Xherdan Shaqiri (€ 8.5); Paulinho (€ 8.5) Piotr Zielinski (€ 8); Aaron Mooy (€ 7); Alan Dzagoev (€ 7)

These four are very good options, but they are just a little too expensive for me. If I were to gamble on one it would come down to Shaqiri or Mooy.

The Swiss Shaqiri arrives in Russia with some very auspicious signs. He had a phenomenal personal season despite playing for a horrendous Stoke club that was relegated from the Premier League. As a result of Stoke’s misfortunes, Shaqiri is very much on display and it is said that some big clubs are going to take a look. If he doesn’t pull a hamstring muscle (muscle injuries area a notorious recurring affliction for the pocket-Hercules-sized player), then I expect him to have a good tournament. But, hoo boy, is he expensive.

Paulinho is a very dynamic player (and goal-scorer) for both Barcelona and Brazil, but he should be a lot cheaper in my book. I’d be tempted if he were cheaper, but I’m passing at this price.

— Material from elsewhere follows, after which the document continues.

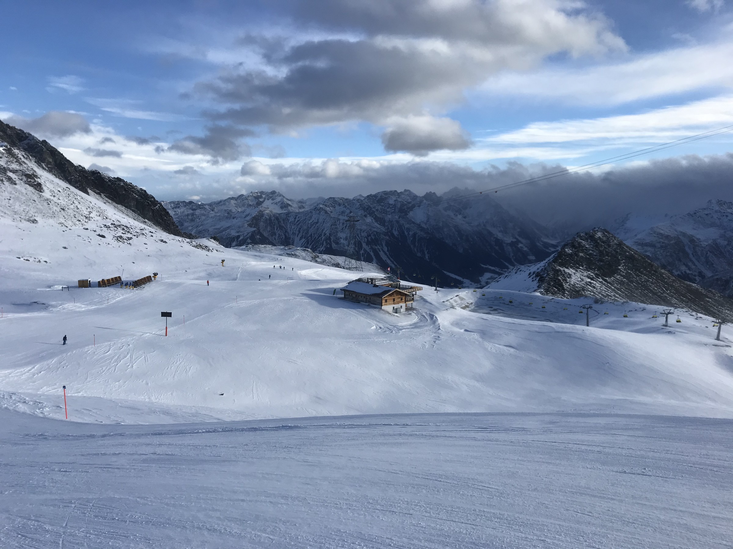 Gegen 15.30 Uhr hatten wir genug und wagten uns auf die noch nicht geöffnete Talabfahrt. Unverständlich, dass sie diese nicht grad richtig machen. Wenn die Zeit nach den Schneefällen zu kurz für eine perfekte Piste sein sollte, könnten sie ja trotzdem halbwegs gut präparieren und eine Tafel hinstellen, dass sie noch nicht den üblichen Anforderungen entspricht oder es so wie in Ischgl machen. Aber dieses Gemüse der Grundpräparierung zu hinterlassen, naja... schon eine etwas schwache Leistung... Obwohl, viel besser ist es auf dem Stubaier ja schon im Normalfall auch nicht ;-). Den Spuren nach sind unzählige Leute runtergefahren und wir überholten auch einige, die da sichtlich ge- oder überfordert waren.

The Socceroo Aaron Mooy also had a very good Premier League showing for Huddersfield — a team that everyone expected to be relegated but improbably stayed up. Mooy was, without argument, a top three player for The Terriers. He’s also growing in stature with the Socceroos. It remains to be seen whether he can displace “Captain Kangaroo” Mile Jedinak as the most influential player in the XI, but this is probably a good bet to make. Mooy is younger, has far better attacking instincts and is an EPL caliber starting player while Jedinak is a part-time player for not-quite-promoted Aston Villa.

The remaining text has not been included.